Sorry, OpenFold cannot accept a feature file as input, right? So how do you ensure that you are using exactly the same input? When creating feature files, you mentioned using different 'neff' values. How is this variable controlled when comparing with AlphaFold2?

How do I remove MSA masking? Can you give out an example?https://github.com/lhatsk/AlphaLink/blob/main/openfold/config_crosslinks.py#L196
Set this to 0.0.

Thank you very much for your prompt. After setting this config to 0.0, the result of TM score from the AlphaLink inference increased from 0.365 to 0.8675. Could you please explain why this has such a significant impact?
Do we always need to set masked_msa_replace_fraction to 0.0 when using AlphaLink?
And, when comparing with AlphaFold2, do I also need to set masked_msa_replace_fraction in the OpenFold config to 0.0?

lhatsk commented

Sorry, OpenFold cannot accept a feature file as input, right? So how do you ensure that you are using exactly the same input?

No, not by default, but it's easy to change. I just removed crosslinks from AlphaLink and used the original AlphaFold weights with the same inputs.

When creating feature files, you mentioned using different 'neff' values. How is this variable controlled when comparing with AlphaFold2?

By using the same features which includes the MSA with a fixed Neff.

Thank you very much for your prompt. After setting this config to 0.0, the result of TM score from the AlphaLink inference increased from 0.365 to 0.8675. Could you please explain why this has such a significant impact?

The MSA masking affects the Neff. It randomly removes 15% of the information in the MSA. The effect is obviously much stronger for MSAs that contain little information to begin with (low Neff). Depending on what is subsampled and how well the network is able to reconstruct it, you may end up with a lower/ higher Neff than before. It could now for example be the case that you mask out parts that could help with noise rejection or that remove information that are super complementary to crosslinks, resulting in worse results and more variance. Here, the masking was just unlucky, it could also help.

Do we always need to set masked_msa_replace_fraction to 0.0 when using AlphaLink?

No, I would keep it on for normal usage.

And, when comparing with AlphaFold2, do I also need to set masked_msa_replace_fraction in the OpenFold config to 0.0?

Yes, you should set it to 0.0 to keep the comparison fair for both methods.

By using the same features which includes the MSA with a fixed Neff.

Thank you. I would like to know how the number of effective sequences (Neff) is defined. Did you set the parameter neff=10 when running AlphaLink and AlphaFold2 on the dataset? Is this done to reflect the impact of crosslink data?

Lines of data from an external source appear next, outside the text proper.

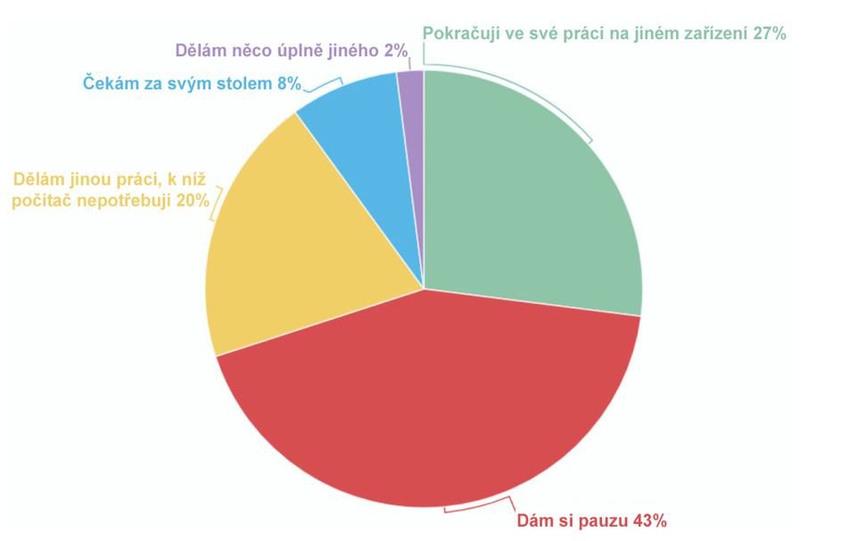 Zaměstnanci si přejí mít možnost aktualizace odmítnout nebo odsunout, protože se obávají, že by jim čas jim věnovaný narušil jejich pracovní produktivitu. Víc než polovina respondentů uvedla, že jim aktualizace skutečně narušují práci: 43 % musí vynuceně přerušit to, na čem pracovali, zatímco 8 % v klidu vyčká u svého pracovního stolu, dokud aktualizace neproběhne. Potíže však nekončí okamžikem dokončení aktualizace, protože pro 36 % zaměstnanců je ztrátou času i učení se novinek, které obsahuje nová verze softwaru. Raději by se místo toho věnovali své práci.
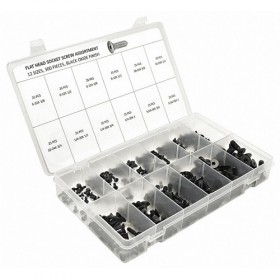 Cap Screw Assortment Head Type Flat Steel Finish Black Oxide Size #6-32 to 5/16-18 Length 3/8 in to 1 In. Drive Type Hex Number of Pieces 300 Number of Sizes 12 Includes (25) Each 6-32x3/8 In. 6-32x1/2 In. 8-32x3/8 In. 8-32x1/2 In. 10-24x3/8 In. 10-24x1/2 In. 10-24x3/4 In. 1/4-20x1/2 In. 1/4-20x3/4 In. 1/4-20x1 In. 5/16-18x3/4 In. 5/16-18x1 In. Plastic Case
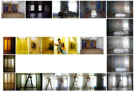 For my part of this "dialogue," I made drawings, wrote diary entries, and constructed layers of wooden frame covered with plastic stretch wrap. I did this everyday, building a total of 23 layers in Hsieh's studio even as I lived and slept there. When there was no more room in the place for further construction, I began to dismantle my work from the inside out.
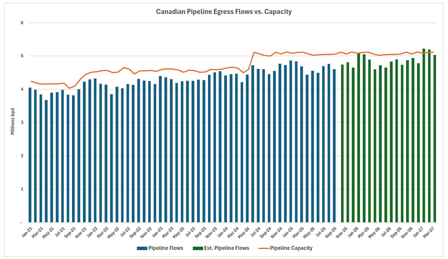 As we previously covered, Canadian producers have guided to around 3.0% percent exit-to-exit production growth from 2025 to 2026, translating to more than 100,000 additional barrels per day of supply. This incremental output is poised to fill much of the expanded capacity. Our modeling indicates that, absent this DRA project or other expansions, Canadian egress pipelines could exceed limits by early 2027, driven by sustained production increases and seasonal spikes from higher winter condensate blending requirements (graph below).

I want to ask this question because when I ran MSA with neff=10 on the example 6LKI_B (ma-rap-alink-0001), the results differ from using feature inputs (skipping MSA). The TM scores with the ground truth are 0.8087 and 0.9012, respectively.

lhatsk commented

Thank you. I would like to know how the number of effective sequences (Neff) is defined. Did you set the parameter neff=10 when running AlphaLink and AlphaFold2 on the dataset? Is this done to reflect the impact of crosslink data?

The Neff is defined in the "MSA subsampling" section. We subsampled the MSAs to a given Neff to simulate challenging targets to show the impact of crosslinking MS data.

I want to ask this question because when I ran MSA with neff=10 on the example 6LKI_B (ma-rap-alink-0001), the results differ from using feature inputs (skipping MSA). The TM scores with the ground truth are 0.8087 and 0.9012, respectively.

6LKI is part of the low Neff CAMEO targets, they are already challenging with low Neffs (at most 25, for 6LKI it's 15) therefore we didn't do any MSA subsampling. Your subsampling will further reduce the Neff and make the target harder which likely results in a lower TM-score.

Hello, I noticed in the data_module_xl.py file, specifically at line 24, that you have imported the MSA subsampling module with from openfold.data.msa_subsampling import get_eff, subsample_msa, subsample_msa_sequentially, subsample_msa_random. However, looking further into the file, I didn't find any usage of this module. Could you please explain why it was imported but not used?

data_module_xl.py is not used. It's some legacy stuff that I didn't clean up.